Roger T. Ames: „Für Konfuzianer sind die Gewohnheiten die Kultivierung der Rollen und Beziehungen“
Wie denkt man in China über Gewohnheit nach? Der Philosoph Roger T. Ames lebt in Peking und erklärt, dass man in China nicht den eigenen Charakter, sondern seine Beziehungen in der Gemeinschaft ausbildet. Ein Gespräch über Gewöhnung als intergenerationaler Prozess, den Stellenwert der Familie und das chinesische Neujahr.
Herr Ames, wie denkt man in China über Gewohnheiten nach? Herrscht dort ein anderes Verständnis als im Westen?
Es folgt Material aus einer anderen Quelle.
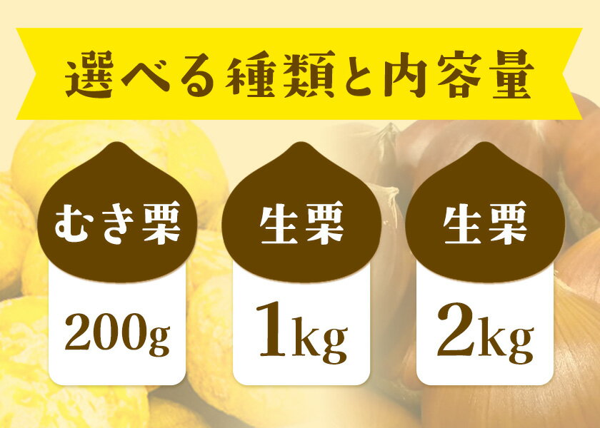 - 【ふるさと納税】栗 選べる種類と内容量 むき栗 200g 生栗 1kg 2kg とくちゃん農園《30日以内に出荷予定(土日祝除く)》熊本県 菊池市 栗 くり 熊本県産 秋の味覚 果物 くだもの フルーツ デザート ご飯
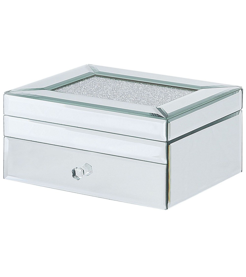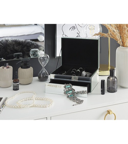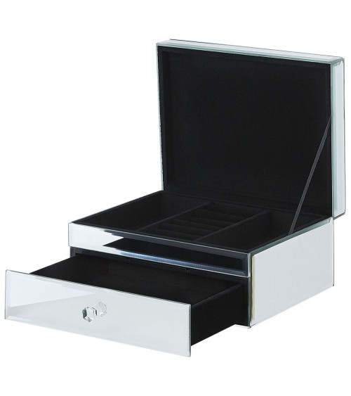 Boîte à bijoux argentée en verre. Cette boîte à bijoux argentée en verre est un choix idéal pour une coiffeuse, une table de maquillage ou une salle de bain luxueuse. Elle offre beaucoup d'espace pour des boucles d'oreilles, bagues, bracelets et colliers ou accessoires pour cheveux. La boîte protège des objets de la poussière et des rayures tout en gardant le tout en une seule place prête à porter. Détails: Type de produit: Boîte à bijoux Style: Glamour Couleur principale: Argenté Type de matière: Verre Matière principale: Verre Fabriqué à la main: Non Dimensions: Profondeur: 17 cm Largeur: 22 cm Hauteur: 11 cm Poids: 2 kg L`offre inclue: 1 x Boîte à bijoux Caractéristiques clés: Décoratif et fonctionnel, Finition en miroir pour un look glamour, Style élégant, Fabrication et fintion irréprochables, Espace de stockage supplémentaire Informations d`assemblage: Ne nécessite pas d'assemblage Informations supplémentaires: Le produit a besoin d'un certain temps pour atteindre sa forme définitive. Nous recommandons de le déballer le plus tôt possible et de lui laisser jusqu'à 48 heures pour se redresser. Pour un meilleur effet, il est conseillé de placer à l'intérieur un objet de grande taille qui remplira tout le panier. Conseils de maintenance: Verre: 1.Pour éviter les rayures, n'utilisez pas de nettoyants crème 2.Nettoyez avec un chiffon et un nettoyant doux ou un conditionneur pour verre. Essuyez immédiatement après le nettoyage.
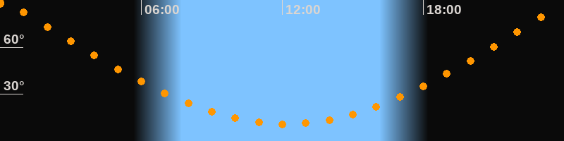 | Höchster Stand (Kulmination) | 00:09 Uhr (h = 89,5°) |
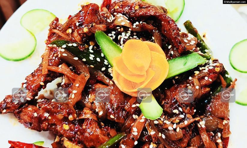 ചിക്കൻ, ക്യാപ്സിക്കം, സവാള എന്നിവ നീളത്തിൽ അരിഞ്ഞുവെക്കുകയാണ് ആദ്യം ചെയ്യേണ്ടത്. ശേഷം മുട്ട, കോൺഫ്ളോർ, കുറച്ച് ഉപ്പ്, സോയാ സോസ്, റെഡ് ചില്ലി പേസ്റ്റ്, കുരുമുളക് പൊടി, ഇഞ്ചി-വെളുത്തുള്ളി പേസ്റ്റ് എന്നിവ നന്നായി യോജിപ്പിച്ച് ചിക്കനിൽ നന്നായി പുരട്ടി 15 മിനിട്ട് വെയ്ക്കുക.
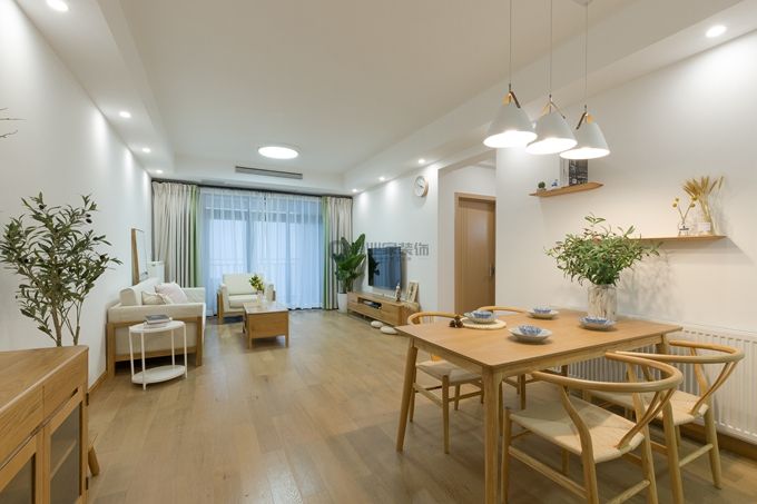 色彩基調(diào)是白色和原木色,白墻落地+木質(zhì)家具,局部用綠植添加一絲活力,這些自然素材的“和諧”讓整個(gè)大空間顯得自然且淡雅。

Im Konfuzianismus geht es darum, eine bestimmte Disposition zu kultivieren, eine bestimmte Art, in der Welt zu sein. Die Annahme ist, dass unsere zukünftigen Handlungen größtenteils von der Veranlagung bestimmt werden, die wir in unserem bisherigen Leben ausgebildet haben. Nur wer eine bestimmte Veranlagung kultiviert hat, besitzt die moralische Vorstellungskraft, sich für ein bestimmtes Verhalten zu entscheiden. Die einzige Möglichkeit, tugendhaft zu werden, ist die Ausbildung einer Gewohnheit. Üblicherweise verstehen wir im Westen Gewohnheiten als etwas, das wir loswerden wollen. Aber das zeigt nur, welche Macht Gewohnheiten über unser Leben haben.